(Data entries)
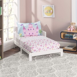 EVERYDAY KIDS 3-Piece Toddler Fitted Sheet, Flat Sheet and Pillowcase Set - Princess Storyland - Soft Breathable Microfiber Girls Toddler Bed Sheets Set
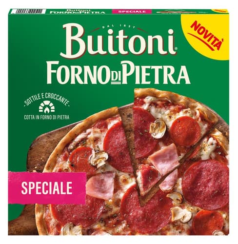 pšeničná mouka, sekaná rajčata 23%, sýr mozzarella 16%, uzený salám 8% (vepřové maso, jedlá sůl, konzervant: dusitan sodný, maltodextrin, dextróza, směs koření obsahující hořčici, antioxidanty: askorban sodný, výtažky z rozmarýnu, výtažky koření), houby 7% (žampiony), pitná voda, řepkový olej, uzená vařená šunka 2% (vepřová šunka, jedlá sůl, konzervant: dusitan sodný, dextróza, stabilizátor: citronany sodné, antioxidanty: askorban sodný, výtažky z rozmarýnu, výtažky koření), uzená papriková klobása 2% (vepřové maso, vepřový tuk, jedlá sůl, konzervant: dusitan sodný, směs koření, dextróza, antioxidanty: askorban sodný, výtažky z rozmarýnu, výtažky koření, cukr), droždí, cukr, sušený pšeničný kvásek, jedlá sůl, směs koření.
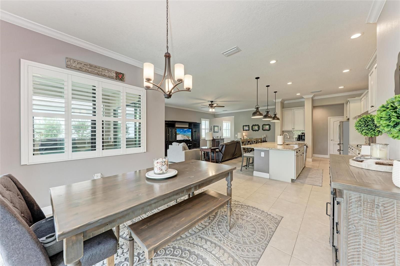 - Ceiling Fan(s), Coffered Ceiling(s), Crown Molding, Open Floorplan, Main Level Primary, Solid Surface Counters, Tray Ceiling(s), Window Treatments
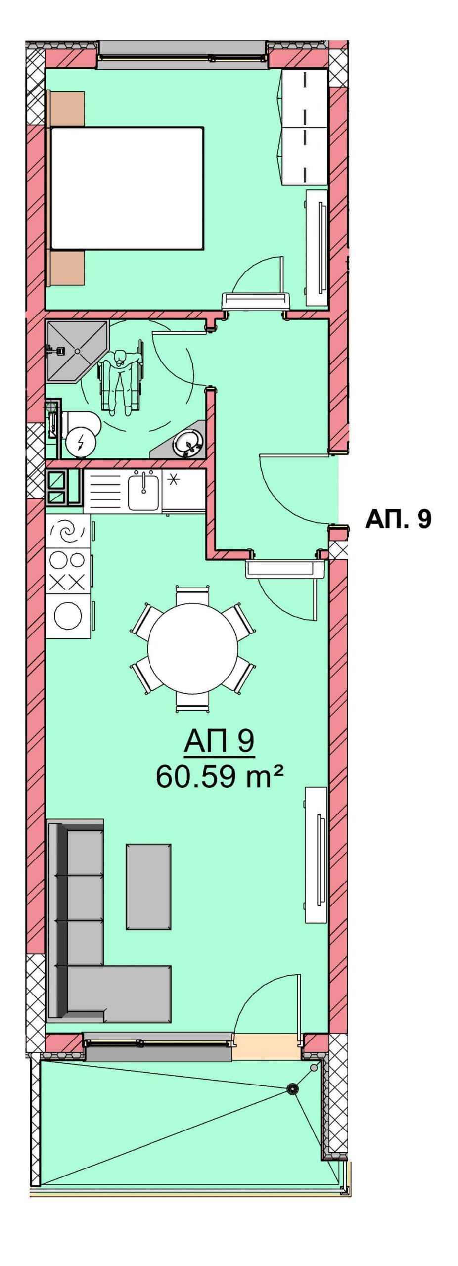 Апартамент- Дневна с кухненски бокс, спалня, баня с тоалетна, коридор и тераса.
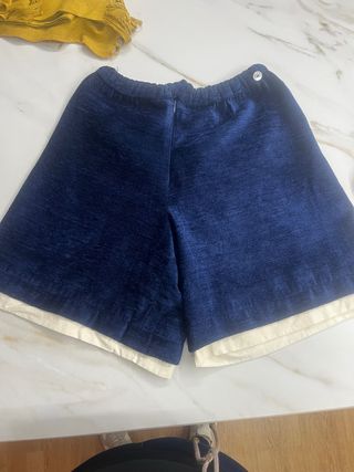 Pantalón tipo saragüell para niño, con un diseño de doble capa. - Capa exterior en tejido azul, tipo terciopelo - Capa interior en tejido blanco - Cintura elástica con detalle de botón.
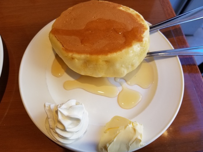 今風のパンケーキのふわふわした感じを期待していると、ちょっと残念に思うかもしれませんが、このホットケーキは昭和っぽくて、これはこれでありだと思います。
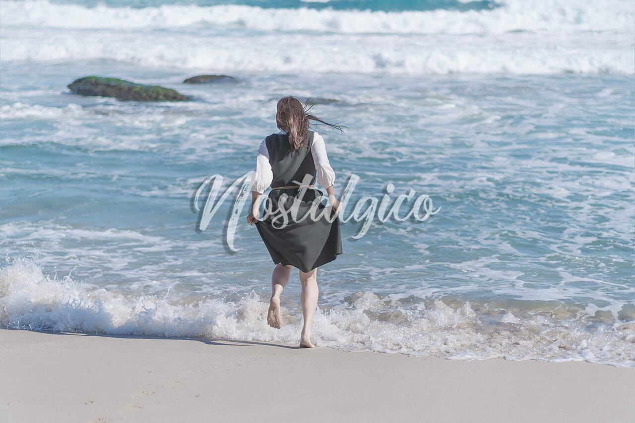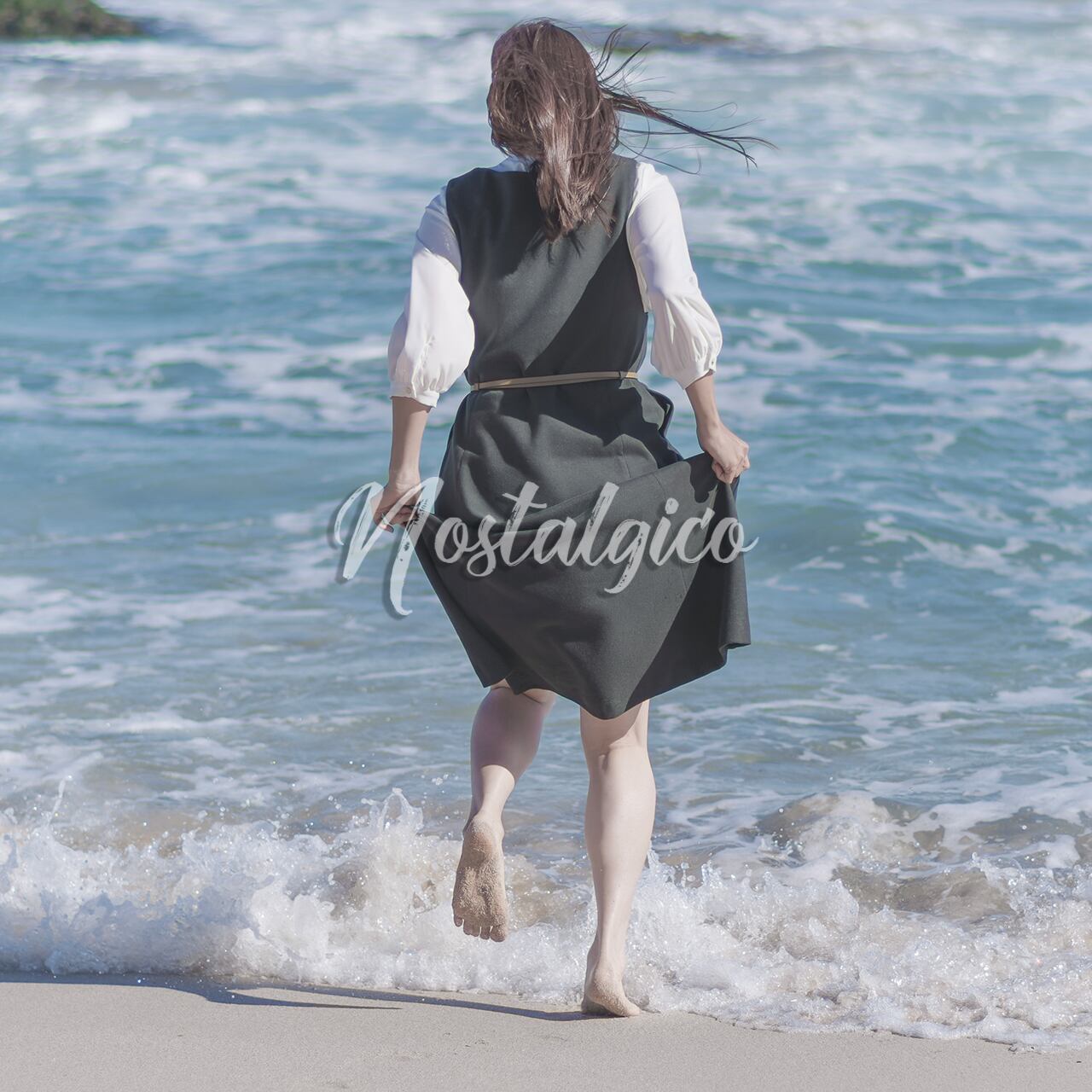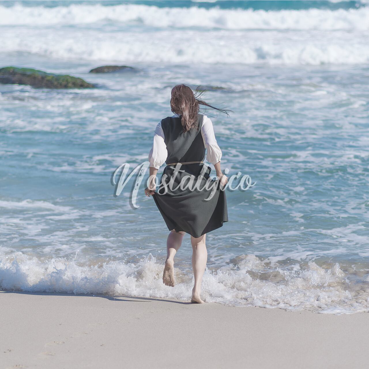 この写真は、秋の季節に綺麗な海の波打ち際を裸足で遊ぶロングヘアの女性の姿を捉えたものです。波の音や海風を感じられるかのようなリアリティーのある写真素材で、波打ち際を裸足で遊ぶ女性の姿からは喜びや明るい心が伝わってきます。元気いっぱいの女性の姿を見ると自然と笑顔がこぼれます。
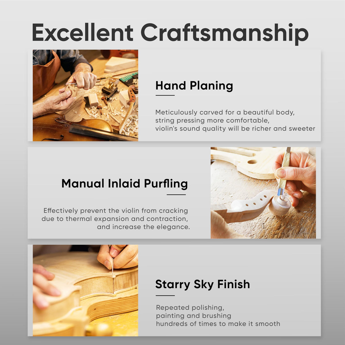 Phoenix Violin 4/4 Full Size Set, Fiddle Solid Wood For Professional Beginners Adults Kid With Ironwood Octagonal Bow & Rosewood Bow Extra Strings & Bridge, 2 Rosins, Tuner, Mute, Case (Full)
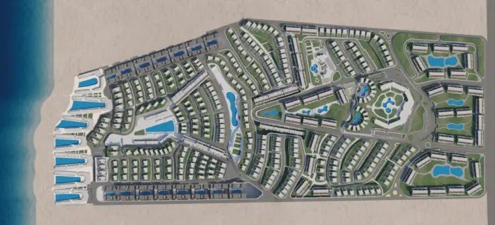 Location is the bedrock of real estate value. Direction White secures its status by occupying a prime plot at Km 192, placing it squarely in the center of the “Ras El Hekma Golden Triangle.”

Task goal: Copy the final stretch of lines, starting at the one that holds "今風のパンケーキのふわふわし" and ending at the last line of the data, exactly; omit pictures.

Output for this task:
 今風のパンケーキのふわふわした感じを期待していると、ちょっと残念に思うかもしれませんが、このホットケーキは昭和っぽくて、これはこれでありだと思います。
 この写真は、秋の季節に綺麗な海の波打ち際を裸足で遊ぶロングヘアの女性の姿を捉えたものです。波の音や海風を感じられるかのようなリアリティーのある写真素材で、波打ち際を裸足で遊ぶ女性の姿からは喜びや明るい心が伝わってきます。元気いっぱいの女性の姿を見ると自然と笑顔がこぼれます。
 Phoenix Violin 4/4 Full Size Set, Fiddle Solid Wood For Professional Beginners Adults Kid With Ironwood Octagonal Bow & Rosewood Bow Extra Strings & Bridge, 2 Rosins, Tuner, Mute, Case (Full)
 Location is the bedrock of real estate value. Direction White secures its status by occupying a prime plot at Km 192, placing it squarely in the center of the “Ras El Hekma Golden Triangle.”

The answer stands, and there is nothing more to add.